Ronggui Sub-district () is a sub-district in Shunde, Foshan, Guangdong, China. It sits at the southeast of Shunde and a part of Shunde City Zone. It was formed by the merging of Rongqi Town () and Guizhou Town (). It has a resident population of 460,000 within its area of 80 square kilometers.

It is one of the largest production bases of electric appliances in China. Appliance manufacturers, such as Rongsheng (), Hisense Kelon (), Wanjiale (), Galanz () and Wanhe (), are headquartered in Ronggui.

History
Rongqi and Guizhou were initially separate towns, both administrated by Shunde district. After Feb. 2, 2000, the towns were abolished and Ronggui subdistrict was established.

In 1452, Shunde was founded as a county and Rongqi and Guizhou were villages belonging to Shunde County.

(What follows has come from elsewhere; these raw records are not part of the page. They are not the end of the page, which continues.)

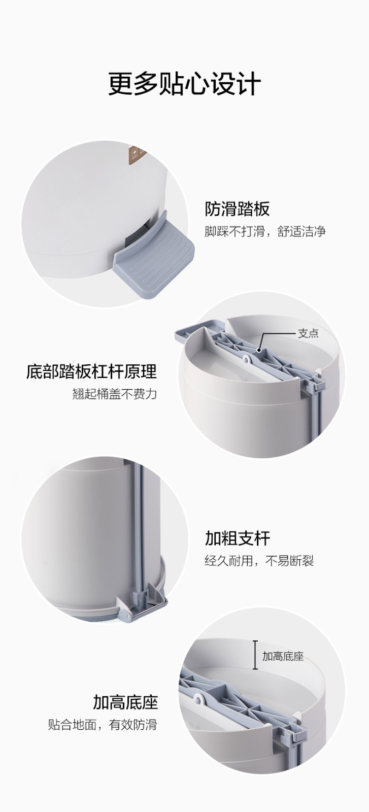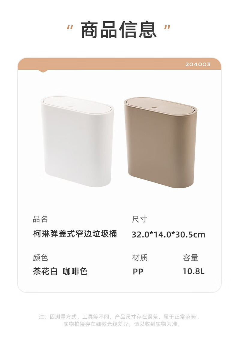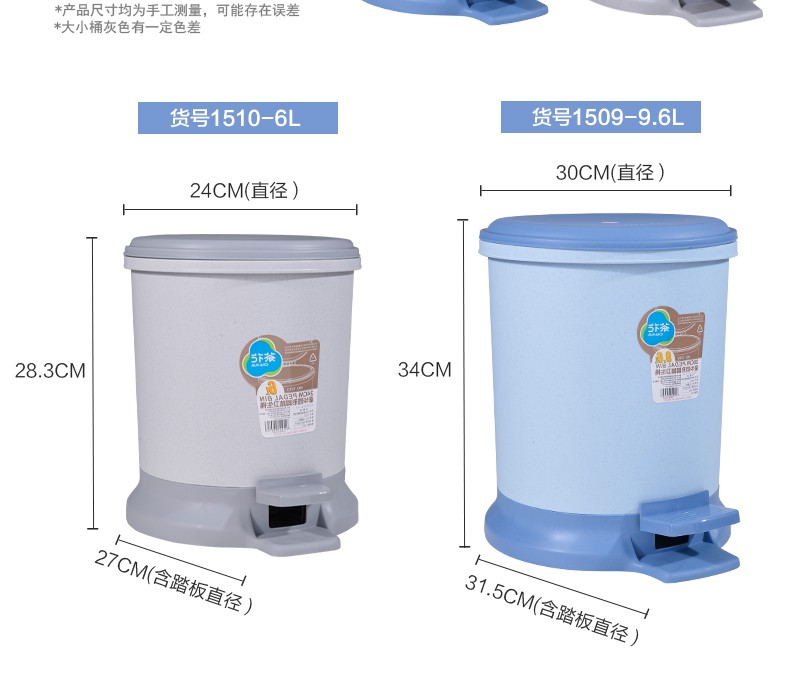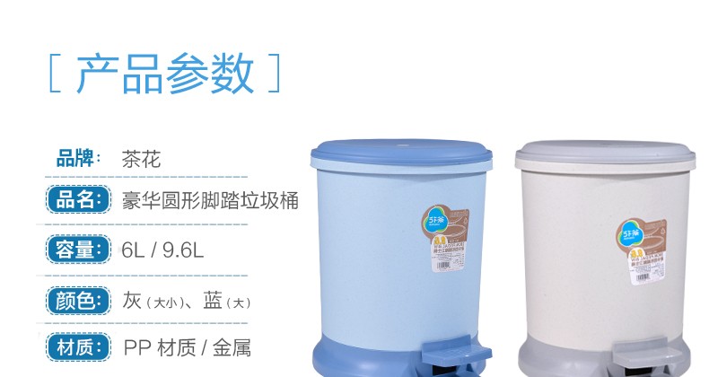 茶花(CHAHUA)塑料垃圾桶家用卫生间带盖客厅厕所卧室厨房 15011KB 1个装 颜色随机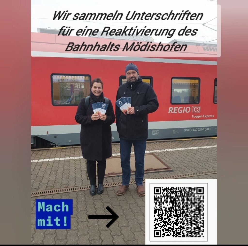 Die Wählergruppe ABU – Aktive Bürger Ustersbach setzt sich aktiv für die Wiederinbetriebnahme des Bahnhalts Mödishofen ein. Dieser Ortsteil von Ustersbach liegt an der Bahnstrecke Augsburg–Ulm. Ziel der Initiative ist es, dass Regionalzüge des Nahverkehrs wieder in Mödishofen halten und somit eine direkte Anbindung an die umliegenden Oberzentren Augsburg, Günzburg und Ulm gewährleistet wird. Die ABU unterstützt die Bestrebungen der Gemeinde Ustersbach, die den Bahnhalt als wesentlichen Bestandteil der kommunalen Infrastruktur und der Verbesserung der Mobilität ansieht.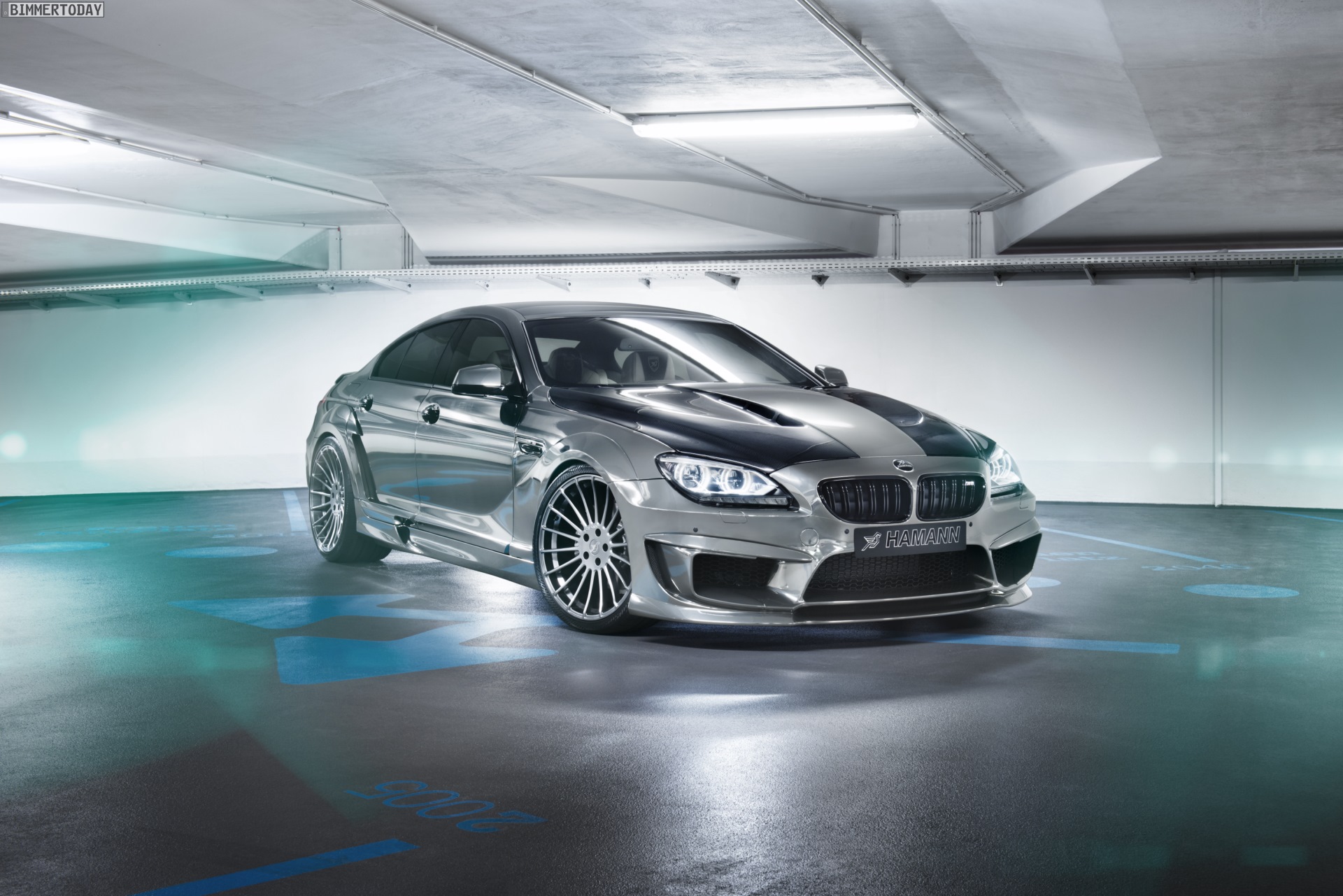 Auch ohne seine chrom-glänzende Oberfläche wäre der Hamann BMW M6 ein echter Hingucker, denn das Widebody-Kit mit rundum neuen Schürzen und Spoilern beschert dem viertürigen Coupé aus München so oder so einen deutlich aggressiveren Auftritt.

In 1928, Rongqi Village became Rongqi Town but Guizhou remained a village and was administrated by Rongqi.

In 1959, both Rongqi and Guizhou were changed into people's communes.

In 1983, the people's commune was rescinded and Rongqi and Guizhou became towns.

In 2000, Rongqi town and Guizhou town were rescinded and Ronggui subdistrict was established.

Administration
Twenty-three neighborhood committees and three village committees make up Ronggui Subdistrict.

Economy

Since Chinese economic reform began in 1978, the people of Shunde were given control over their situation. This has allowed Ronggui, once a traditional agricultural county, to gradually develop into a modern industrial town. By 2012, the Ronggui GDP had reached 38.66 billion yuan. Its industrial and commercial tax revenue reached 5.186 billion and the balance of savings deposits of Ronggui's residents had reached 29.035 billion. Many industrial companies were founded in Ronggui, such as Rongsheng (), Hisense Kelon (), Wanjiale (), Galanz () and Wanhe ().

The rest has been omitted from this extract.